Why Canon has to do it everytime and let me with a bad taste.
First the 24-70, now the 5D. 
Hate you Canon!

Nikon does seem to play a fair game for a few years. They put in their bodies everything they know. The proffesionals before the marketing.


----------



## t.linn (Mar 16, 2012)

kpk1 said:


> I'm very upset about seeing that metering is done in the center and not linked to the AF point.



This should vary depending on metering mode. In evaluative metering, there should be a link between AF and exposure. In other modes, no. If this isn't true for the 5D3 then that is a departure—but I find it hard to believe that this is the case. Can you provide a quote from the manual?


----------



## Gcon (Mar 17, 2012)

It's interesting that my Canon EF 24-70mm f/2.8L USM can only use a single double-cross AF point (group B lens), and that my Canon EF 100mm f/2.8L Macro IS USM can't use *any* double-cross AF points (group C lens). Both of these are fairly recent EOS lenses, and I was led to believe that the five centre double-cross AF points were usable with f/2.8 or wider maximum-aperture lenses.

For the case of the macro - it must be due to the really close focusing distances. Still, it should enable group A functionality from 0.5-infinity, and group C from 0.3-0.5, but I guess it defaults to the lowest common denominator. Since I don't shoot sports or track subjects with this lens, it's a moot point really.

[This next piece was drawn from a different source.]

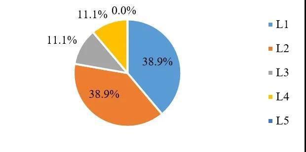 處于應(yīng)用層面L1和L2的企業(yè)都為38.9%,合計77.8%的企業(yè)在應(yīng)用層面處于較初級的水平。同時,目前沒有企業(yè)在應(yīng)用層面的發(fā)展水平達(dá)到L5。因此,應(yīng)用層面的探索整體滯后于設(shè)施層面,處于初期。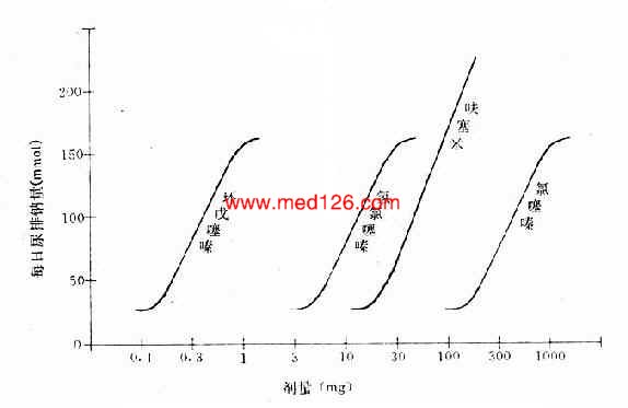 从上述两种量效曲线可以看出下列几个特定位点:最小有效浓度(minimum effective concentration),即刚能引起效应的阈浓度(threshold concentration)。如果横座标用剂量表示,将“浓度”改为“剂量”即可,下同。半数有效量(median effective dose)是能引起50%阳性反应(质反应)或50%最大效应(量反应)的浓度或剂量,分别用半数有效浓度(EC50)及半数有效剂量(ED50)表示。如果效应指标为中毒或死亡则可改用半数中毒浓度(TC50)、半数中毒剂量(TD50)或半数致死浓度(LC50)、半数致死剂量(LD50)表示。继续增加浓度或剂量而效应量不再继续上升时,这在量反应中称为最大效能(maximum efficacy),反映药物的内在活性。在质反应中阳性反应率达100%,再增加药量也不过如此。如果反应指标是死亡则此时的剂量称为最小致死量(minimum lethal dose)。药物效应强度(potency)是指能引起等效反应(一般采用50%效应量)的相对浓度或剂量,反映药物与受体的亲和力,其值越小则强度越大。药物的最大效能与效应强度含意完全不同,二者并不平行。例如利尿药以每日排钠量为效应指标进行比较氢氯噻嗪的效应强度大于呋塞米,而后者的最大效能大于前者(图2-3)。药物的最大效能值有较大实际意义,不区分最大效能与效应强度只讲某药较另药强若干倍是易被误解的。量效曲线中段斜率(slope)较陡的提示药效较激烈,较平坦的提示药效较温和。但在质反应曲线,斜率较陡的曲线还提示实验个体差异较小。曲线上的每个具体数据常用标准差(standard deviation)表示个体差异(individual variation)。

For the case of the 24-70, I wouldn't be surprised if the reverse zoom mechanism has something to do with making it a group B lens and not a group A lens. Unfortunately the 5DIII manual doesn't mention what group the new Canon EF 24-70mm f/2.8L II USM lens is in, although I'd be very surprised if it wasn't a group A lens. Since I'll be upgrading to the version II lens, I can live with this. I do use this lens for some sports work (on the second body) so it's important to me.


----------



## neuroanatomist (Mar 17, 2012)

t.linn said:


> kpk1 said:
> 
> 
> > I'm very upset about seeing that metering is done in the center and not linked to the AF point.
> ...



Evaluative metering is weighted toward the selected AF point(s), whether manually or automatically selected. Partial and spot are at the center on the 5DIII. But...the 1D X (like previous 1-series bodies), spot metering can be linked to a manually selected AF point - that's what kpk1 is referring to, and to be honest it's a great feature.


----------